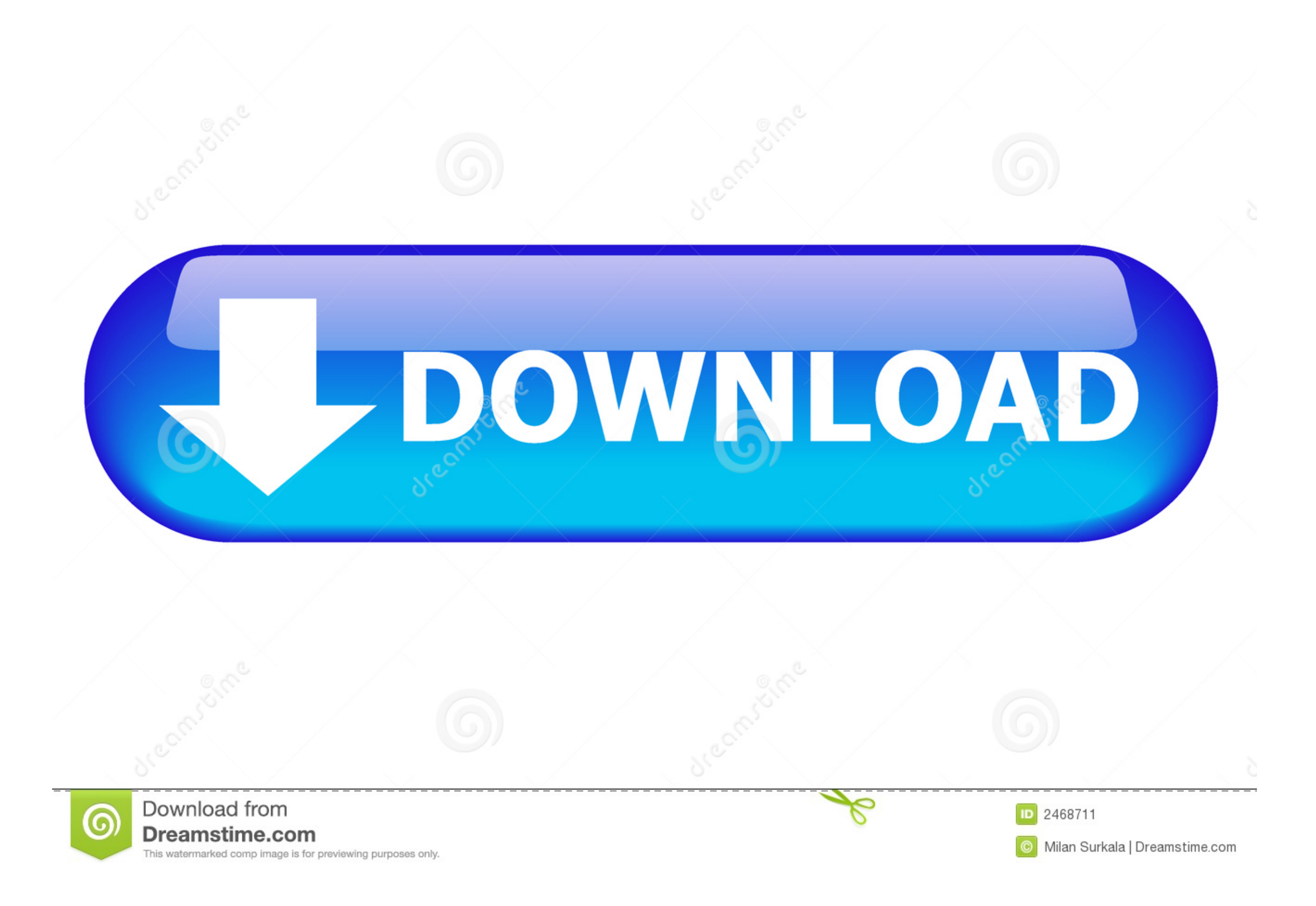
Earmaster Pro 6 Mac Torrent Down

------------------------------------------------

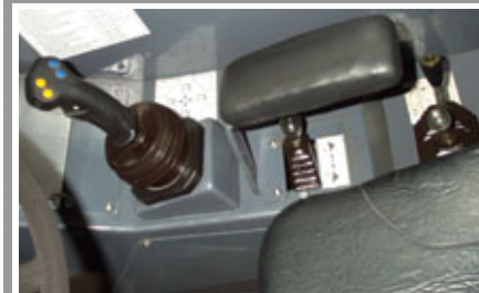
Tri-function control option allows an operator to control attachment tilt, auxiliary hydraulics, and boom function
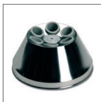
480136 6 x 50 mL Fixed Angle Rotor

------------------------------------------------

** Directions **
Only the lines above starting with the line with "Tri-function control option" and going on through the line with "480136 6 x 50 mL Fixed Angle Rotor" belong in the answer; repeat them exactly, minus any picture.

** The answer **
Tri-function control option allows an operator to control attachment tilt, auxiliary hydraulics, and boom function
480136 6 x 50 mL Fixed Angle Rotor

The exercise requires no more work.